DETAILED DESCRIPTION
[0016] In the following Detailed Description, reference is made to
the accompanying drawings, which form a part hereof, and in which
is shown by way of illustration specific embodiments in which the
invention may be practiced. In this regard, directional
terminology, such as "top," "bottom," "front," "back," etc., may be
used with reference to the orientation of the Figure(s) being
described. Because components of embodiments of the present
invention can be positioned in a number of different orientations,
the directional terminology is used for purposes of illustration
and is in no way limiting. It is to be understood that other
embodiments may be utilized and structural or logical changes may
be made without departing from the scope of the present invention.
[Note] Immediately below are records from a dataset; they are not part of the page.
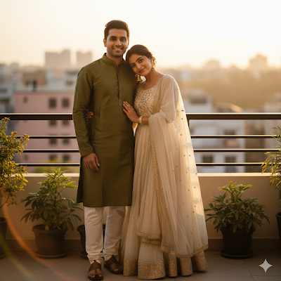 2) Create an Instagram-style couple portrait on a balcony.Male wearing an olive green kurta.Female wearing a cream or off-white ethnic outfit.Balcony background with city view.Golden hour sunlight falling softly.Warm and cozy lighting atmosphere.Relaxed standing pose close together.Female leaning slightly on male.Natural and peaceful expressions.Soft shadows with warm highlights.Romantic modern ethnic vibe.Clean color grading.Sharp focus with depth.High-quality square composition.Do not change facial structure, keep faces realistic and consistent.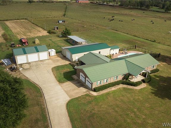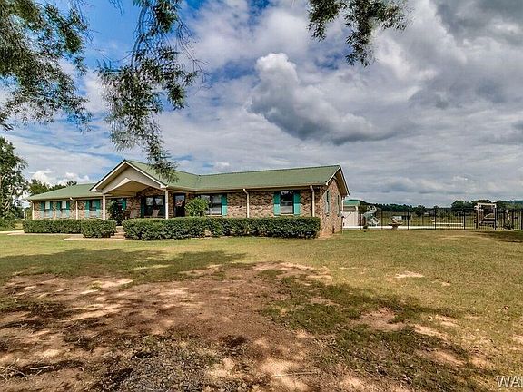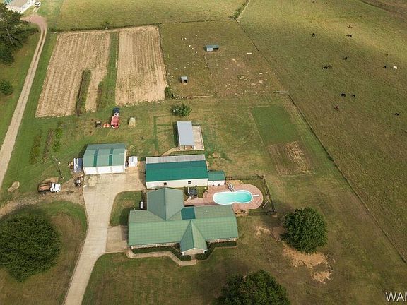 What a find!!! 5 Acre Farm country living just 2 minutes from town or 30-40 minutes from Tuscaloosa! Come experience this amazing updated 3BR/2BA all brick home with a large two car garage and a metal roof featuring over 2,000 sq. ft. of heated/cooled space with new kitchen countertops, backsplash, cooktop and fridge, new hardwood floors, updated master bathroom, concrete driveway, pool, hot tub, pool house (with bath), screened in 20 x 28 outdoor kitchen, two metal shops/outbuildings-34' x 60' and 24' x 40' with a 11' lean too. The grounds of this property also features a large 1 acre garden spot, fenced in area for animals (used for goats at the present time) with small sheds, grape vineyards, large outdoor dog kennel (separate septic system from main home) and indoor dog kennel.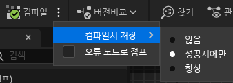 - 컴파일 버튼 > 컴파일시 저장 > 성공시에만 으로 체크하면 컴파일 성공했을 때 파일을 자동으로 저장해줌

The following Detailed Description, therefore, is not to be taken
in a limiting sense, and the scope of the present invention is
defined by the appended claims.
I. Generation, Transmission, and Display of Sub-Frames
[0017] FIG. 1A is a block diagram illustrating a system 10 for
generating, transmitting, and displaying sub-frames according to
one embodiment. System 10 includes a sub-frame generation system
20, a network 30, and an image display system 40. In system 10,
sub-frame generation system 20 processes image data 102 to generate
sub-frames 110 for each of a set of projection devices 112 in image
display system 40 and provides the sub-frames 110 to image display
system 40 using network 30. Image display system 40 generates a
corresponding displayed image 114 on a display surface 116 by
simultaneously displaying sub-frames 110 in at least partially
overlapping positions (e.g., tiled or superimposed positions) using
projection devices 112. Displayed image 114 is defined to include
any pictorial, graphical, or textural characters, symbols,
illustrations, or other representations of information.
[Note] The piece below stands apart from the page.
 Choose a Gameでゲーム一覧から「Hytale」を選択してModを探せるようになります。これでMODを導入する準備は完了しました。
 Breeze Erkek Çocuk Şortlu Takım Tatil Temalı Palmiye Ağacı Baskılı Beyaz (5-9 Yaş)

[0018] Sub-frame generation system 20 includes an image frame
buffer 104, a sub-frame generator 108, and a network interface 22.
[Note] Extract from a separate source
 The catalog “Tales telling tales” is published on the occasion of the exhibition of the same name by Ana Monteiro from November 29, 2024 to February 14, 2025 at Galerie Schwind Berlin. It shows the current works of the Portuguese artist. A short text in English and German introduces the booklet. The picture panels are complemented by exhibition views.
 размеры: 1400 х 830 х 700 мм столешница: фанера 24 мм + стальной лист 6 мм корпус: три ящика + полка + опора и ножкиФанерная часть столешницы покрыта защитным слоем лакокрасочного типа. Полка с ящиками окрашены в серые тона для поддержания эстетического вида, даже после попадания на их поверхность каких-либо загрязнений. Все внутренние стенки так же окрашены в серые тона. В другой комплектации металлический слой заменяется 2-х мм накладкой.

Image display system 40 includes a network interface 42, a control
unit 111, projection devices 112A-112D (collectively referred to as
projection devices 112), image frame buffers 113A-113D
(collectively referred to as frame buffers 113), one or more
cameras 122, and calibration unit 124.
[0019] Image frame buffer 104 receives and buffers image data 102
to create image frames 106. Image data 102 may comprise any
suitable still or video image format with any suitable resolution.
For example, image data 102 may be in a High Definition (HD)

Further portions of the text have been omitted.